In fact, it was because of the shyness that he felt the burn to get in front of a camera, to express himself in a way he never could in what he calls ``real life.''
Real life. He'd tried that for a while up in D.C. Took a job with an audio-visual outfit taping corporate meetings and realized if this was what real life was, he'd rather go back to tending bar and beating the bushes for bit parts.
Which is where he was a year ago when the phone rang, and it was his agent asking if he was game for an audition the next day. Come dressed as a Vietnam vet, he was told. That was it. Nothing about who this tryout was for. Just be ready for two minutes of improv.

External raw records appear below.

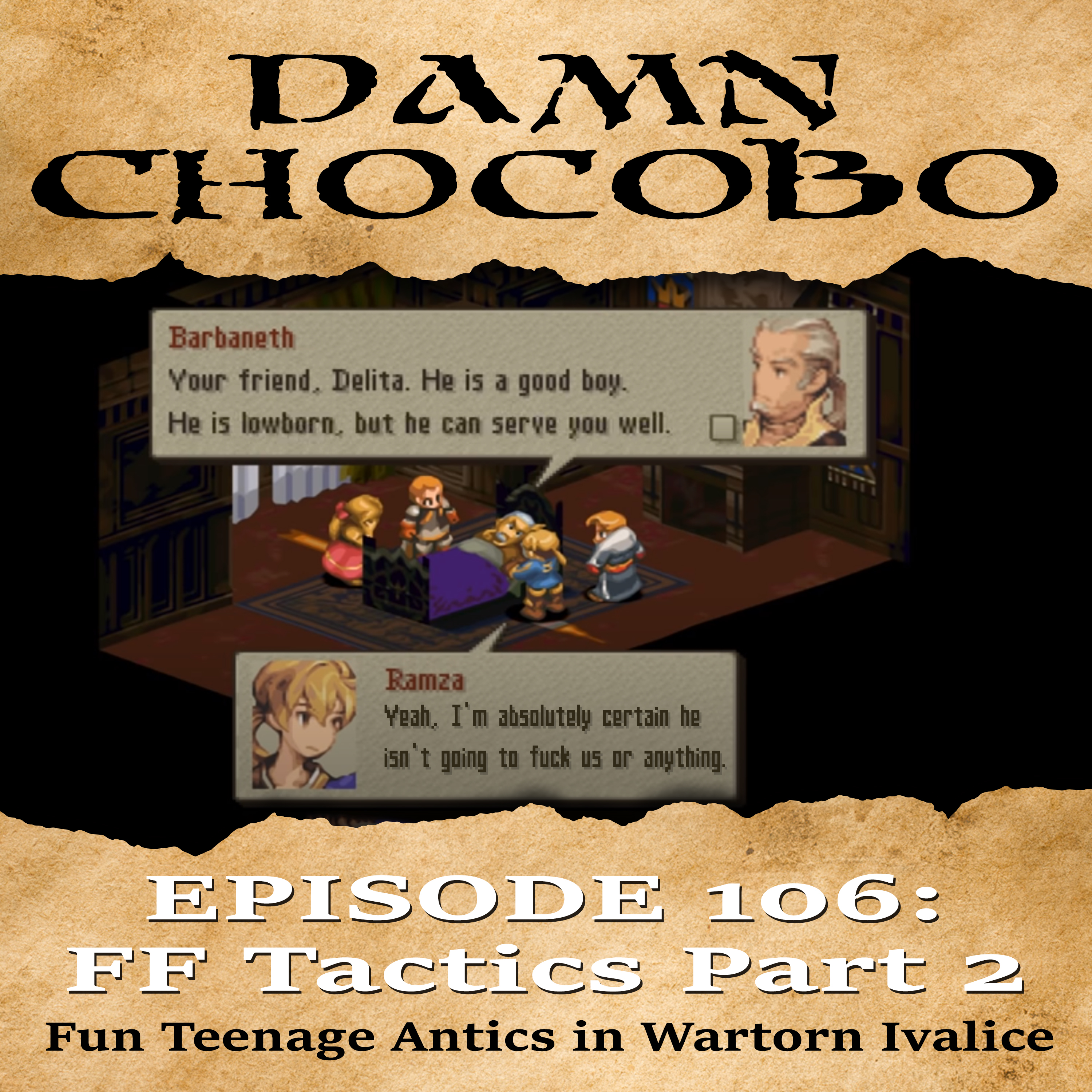 After 9 minutes of catching up the guys Get RIGHT BACK AT IT in Final Fantasy Tactics beginning the game proper with Chapter 1. Kicking ass and getting asses kicked, meeting shitty brothers and douchey "allies", and the beginning tidbits of an onslaught of DRAMA along with the ever slow progression into an ultimate badass await on the latest carefully thought through and even more craftily executed episode of DAAAAAAAAMN CHOCOBOOOOOOO!!!
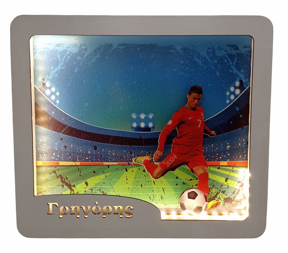 Επιτοίχιο ξύλινη κορνίζα φωτιστικό με διακόπτη μπαταρίας , ποδόσφαιρο με το όνομα τις επιλογής σας. Στείλτε μας το σχέδιο που θέλετε, και εμείς θα σας το κάνουμε φωτιστικό με το όνομα που επιθυμείτε. Σε μεγάλες παραγγελίες οι τιμές διαμορφώνονται ανάλογα. Επικοινωνήστε τηλεφωνικά. Διάσταση 35εκ μάκρος.
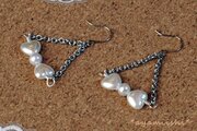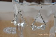 ハートの形のヴィンテージパールを使ってリボンの形にして、チェーンに下げてピアスを作りました。
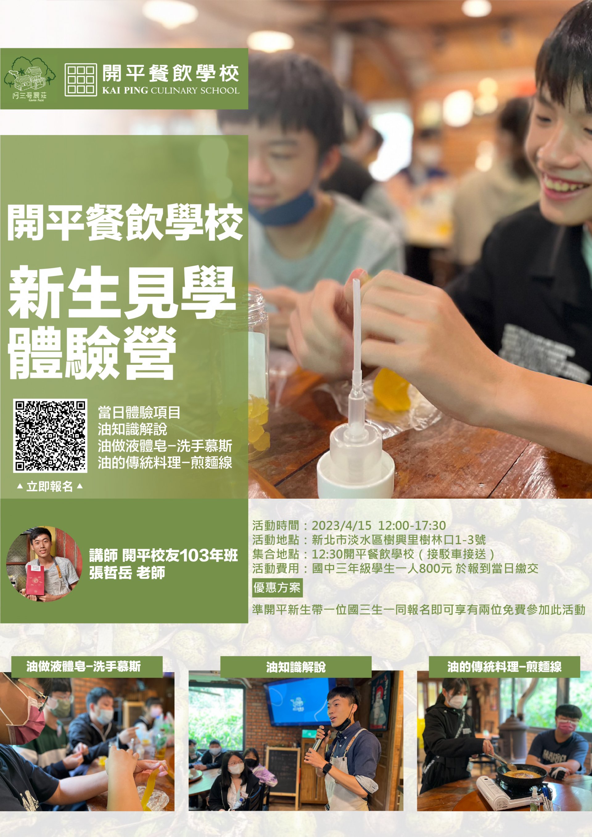 (二) 「新生見學營體驗營」:112年4月15日(星期六) 12:00-17:30;內容─農村實地體驗、產地認識,手作課程─油煎麵線、洗手慕斯、油知識解說。
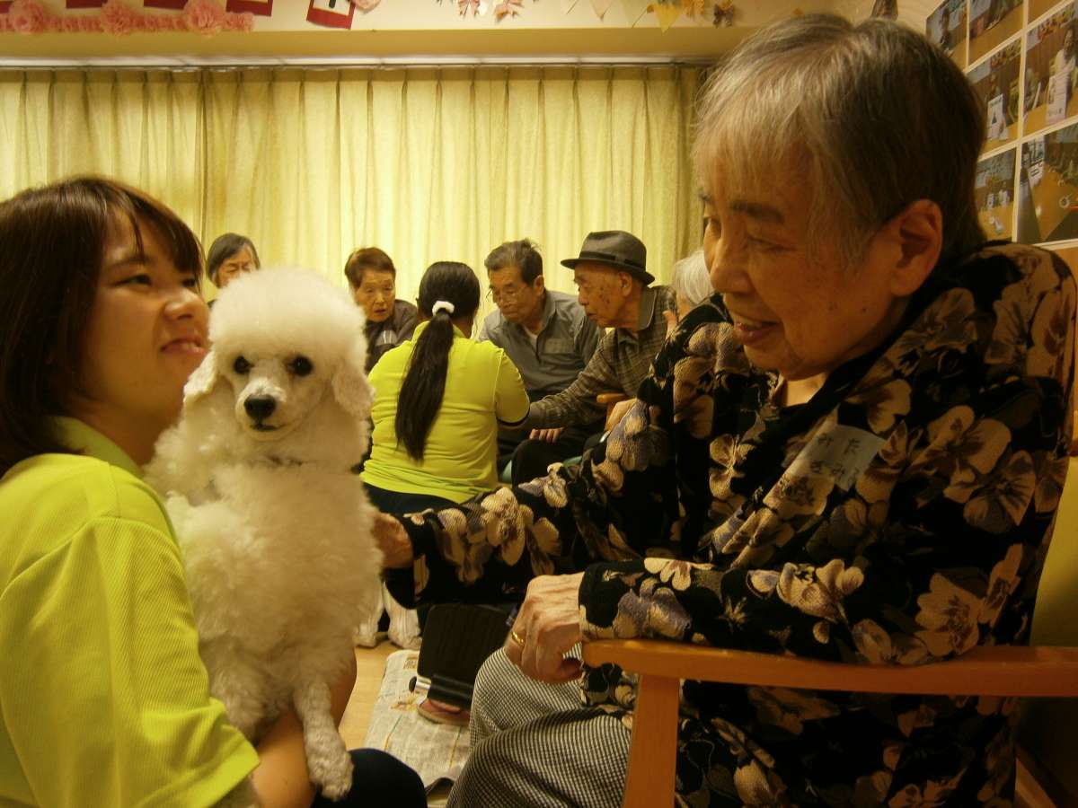 ドッグセラピー ワンちゃんのボランティアが来てくれました! 今年度4回目です。真っ白のフワフワの毛並に皆様うっとり。専門学校の生徒さんによると、訪問の前日にボランティアワンちゃんはお風呂に入るそうです。いい匂いがしました。レットリーバのアスカちゃんは優しい顔で、入居者様になでなでしてもらっていました。 ジャンプや輪くぐりなどなどの芸を見せてくれます。 ワンちゃんに癒されるほんわかしたひと時を過ごしました。(ワンちゃんが苦手な方はワンちゃんが苦手な職員と別室でお茶を飲んでいました)
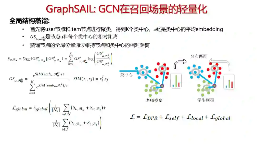 第三,我们考虑了全局结构的蒸馏,旧模型和新模型的embedding在空间中的分布位置不应该偏离太远。首先将user节点和item节点进行聚类,得到K个类中心以及对应的平均embedding;然后我们计算每个节点和类中心的相对距离。蒸馏节点的全局位置通过维持节点和类中心的相对距离,使得增量学习的新模型在全局结构上不会大幅偏离旧模型。
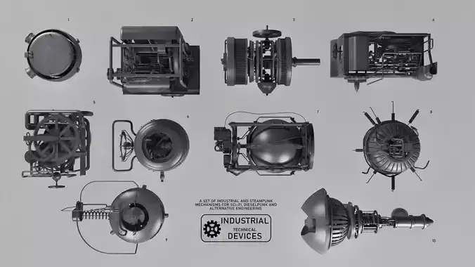 Collection of detailed industrial mechanical devices designed for sci-fi and industrial environments. The set includes generators, engines, turbines, reactors, and technical modules with complex hard-surface construction. Each model features a realistic industrial design and is suitable for games, cinematics, and real-time projects. Perfect for factories, power plants, laboratories, and futuristic environments.
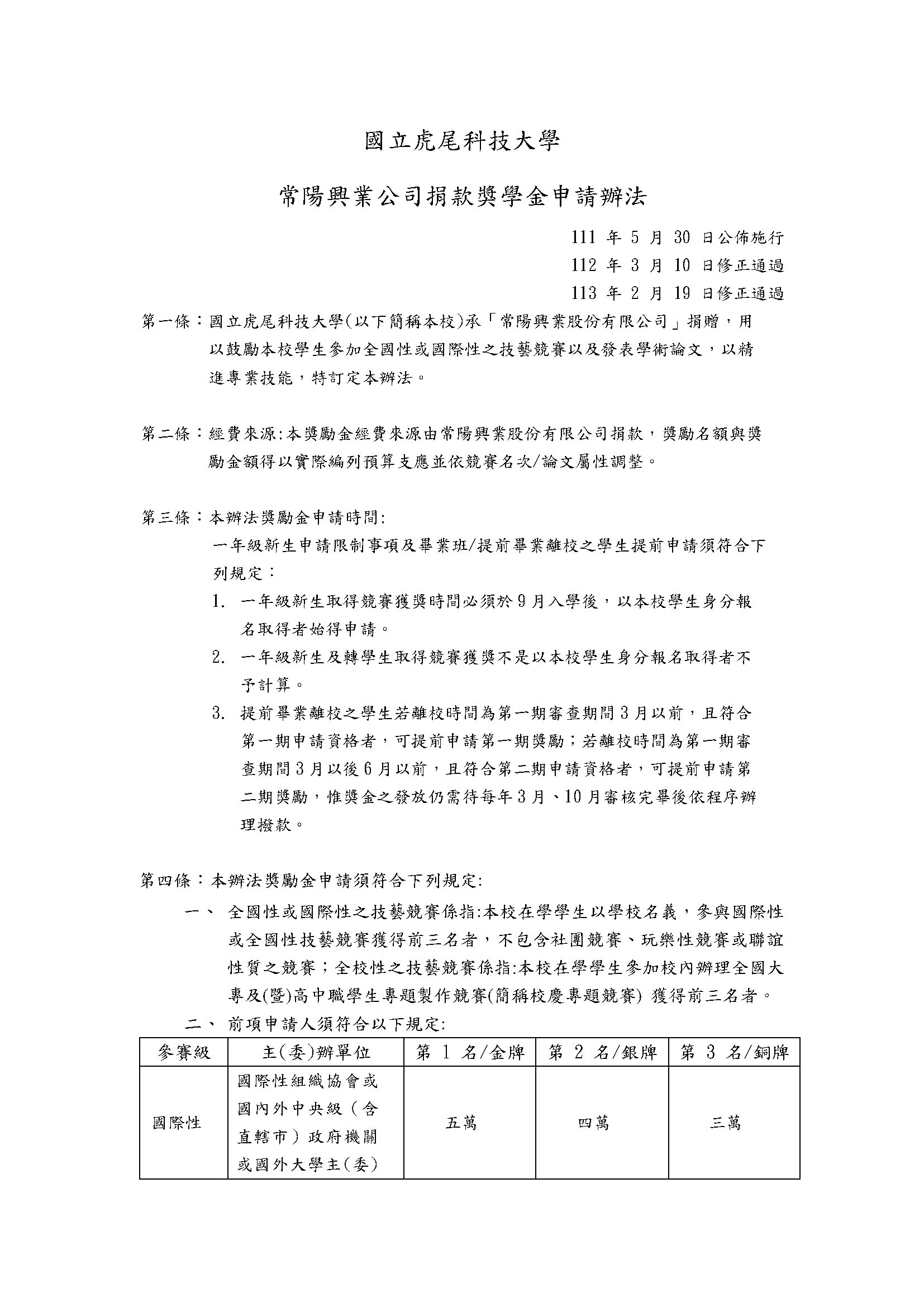 [系上公告]常陽興業公司捐款獎學金申請辦法
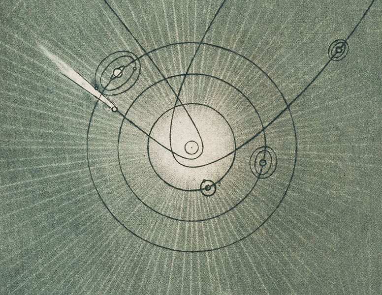 What makes this especially interesting is that, ten years later, Maupertuis published a second edition of his Discours (third image), by which time he was a thorough Newtonian and did not feel it necessary to give Descartes equal time. This edition is twice as long as the first, primarily because Maupertuis added four supplemental chapters in which he laid out all the mathematical proofs that were implicit in the first edition. The other difference between the two editions is evident as soon as you look at the title page, because sitting opposite is a colorful engraved frontispiece that does not appear in the first edition (fourth image). The engraving, titled "Figures des astres", depicts our solar system, with two comets, just below left-center (see detail, first image) and four other stars with their planetary systems. The Sun is round, but the other stars are oblate, in accord with Maupteruis's conclusion that rapidly rotating stars would flatten out. The fifth image shows a detail of the stellar system with its flattened star at upper left, along with part of the title cartouche.
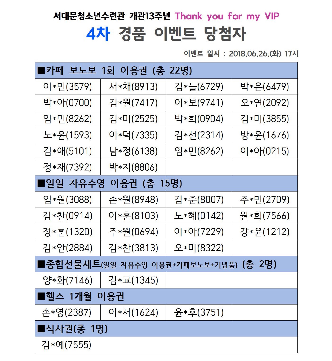 개관13주년 Thank you for my VIP 경품이벤트 당첨자 발표경품이벤트에 당첨되신 회원님들 진심으로 축하드립니다. 당첨되신 경품이용권은 1층 안내데스크에서 수령가능하십니다. 경품이용권 사용기한을 꼭 확인하시고 작지만 회원님에게 기쁨이 되는 경품이용권이 되었으면 합니다. 개관 14주년 더 풍성한 경품이벤트로 다시 돌아오겠습니다. 내년에도 많은 관심부탁드립니다. 개관 13주년 경품이벤트 행사에 참여해주신 모든 회원님들께 다시 한번 감사드립니다. |
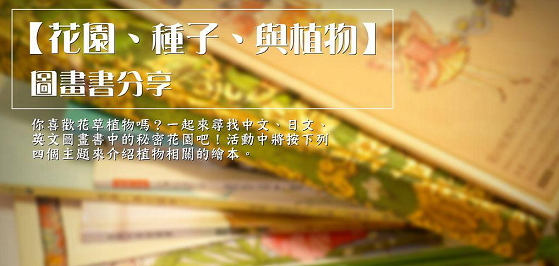 你喜歡花草植物嗎?一起來尋找中文、日文、英文圖畫書中的秘密花園吧!活動中將按下列四個主題來介紹植物相關的繪本。
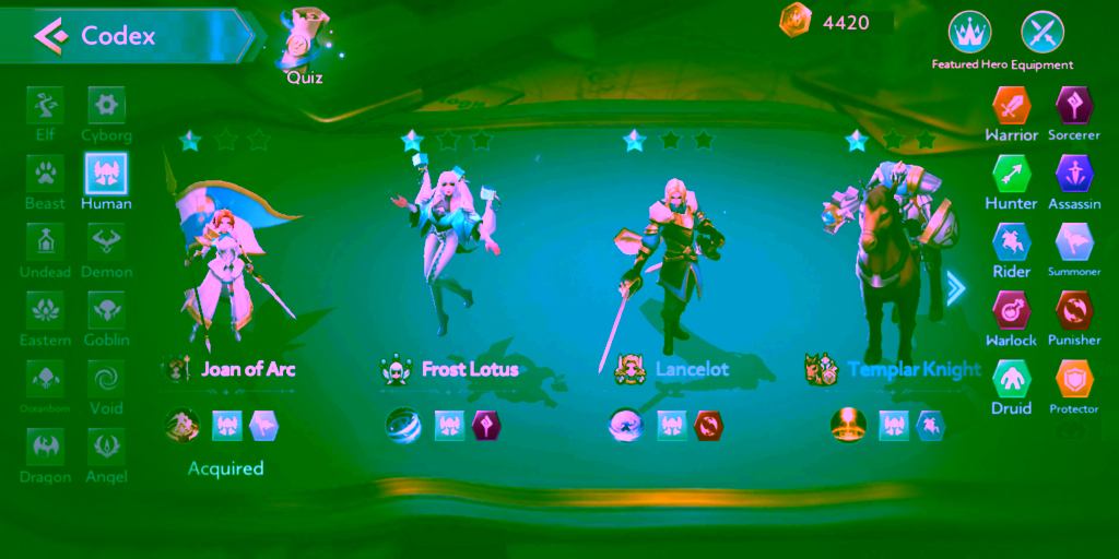 META pada season 5 kali ini didominasi oleh combo Human. Hero yang termasuk kelas Human ini adalah Frost Lotus, Joan of Arc, Lancelot, General of War, Flamecaller, Templar Knight, dan Lightbringer Combo ini menjadi salah satu combo yang paling sering dipakai, terutama untuk tier diamond dan master. Kenapa combo ini META? Karena combo ini memberikan efek untuk mereset skill hero Human setelah menggunakan skill. Combo ini akan sangat efektif jika combo ini sudah mencapai 6 Human, dan akan sangat nyaman sekali dipakai di mid game hingga late game. Hero hero yang sering dipakai untuk mencapai combo 6 Human ini adalah Frost Lotus, Joan of Arc, Lancelot, General of War, Flame Caller, dan Lightbringer.Dengan combinasi ke enam hero ini pasukan kalian akan mendapatkan kekuatan menyerang dan bertahan yang stabil. General of War, Joan of Arc, dan Lancelot akan menjadi lini depan dengan skill stun General of War, Joan of Arc yang memanggil prajurit untuk mengalihkan perhatian, dan Lancelot yang akan bertahan dengan skillnya yang menambah absorb. Sedangkan sisanya yang sebagai lini belakang sebagai penyerang dan sekaligus didukung oleh combo sorcerer yang akan sangat mudah melibas musuh.
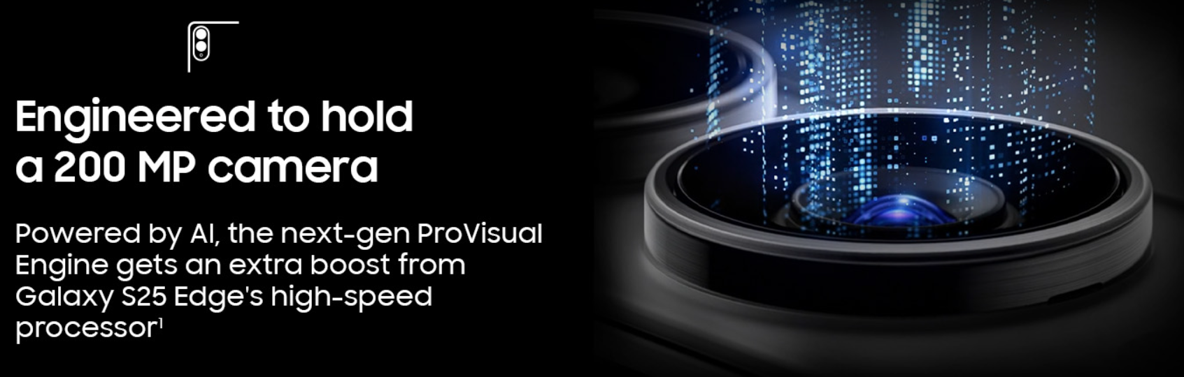 The Galaxy S25 Edge brings a massive leap in mobile photography with its 200 MP + 12 MP dual rear camera system. With the AI-powered ProVisual Engine, this camera captures intricate details, vivid colors, and exceptional clarity in any lighting condition. Whether you're shooting in daylight or low light, the result is always sharp, natural, and true to life.
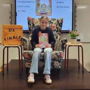 Dané kwam als vierde op de mooie voorleesstoel. Zij las voor uit het boek ‘Vals’ van Carry Slee. Over Kay die een vreselijk valse juf heeft, die het liefst kinderen de stuipen op het lijf jaagt. Dané las het vol emotie voor, met duidelijke stem en contact met haar publiek.
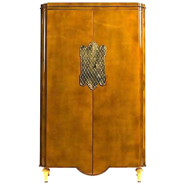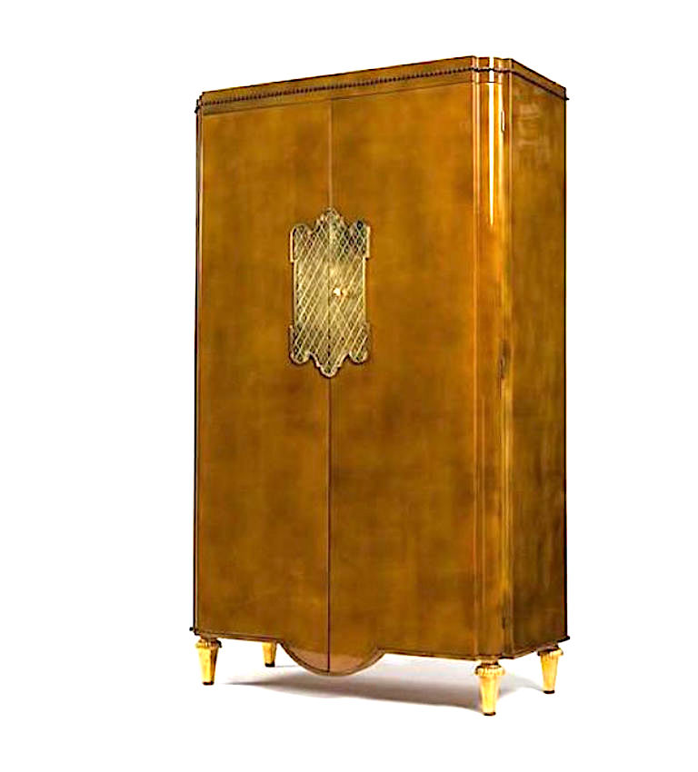 French Mid-Century light brown lacquered 2 door armoire cabinet with bronze rope trim & door lock plate on gilt cylindrical feet with a Siena marble top. (Atelier Sain et Tambute Paris) (ANDRE ARBUS - GILBERT POILLERAT) (ref: ARBUS, by Brunhammer, pg 8)

What Ross knew about Vietnam could fit in a shot glass. He was 4 when the United States entered the war, 7 when the Tet Offensive began. But he knew about the vets. He'd seen enough of them over the years, even met one or two. He thought about the street people he passed every day down on Granby Street, and the homeless characters he played in a couple of those Regent University films, and he figured that should be enough to carry him through this audition. Which it was, because a month later his agency called again, telling him he had the part if he hadn't cut his hair.
He hadn't. So he was called in to see the script, and still he had no idea what this was for. It was a movie, he knew that much. And when he got to the agency and was shown his line - one line - he saw it was in a scene with the main character, a guy named Forrest Gump, and he thought, well, that's not bad.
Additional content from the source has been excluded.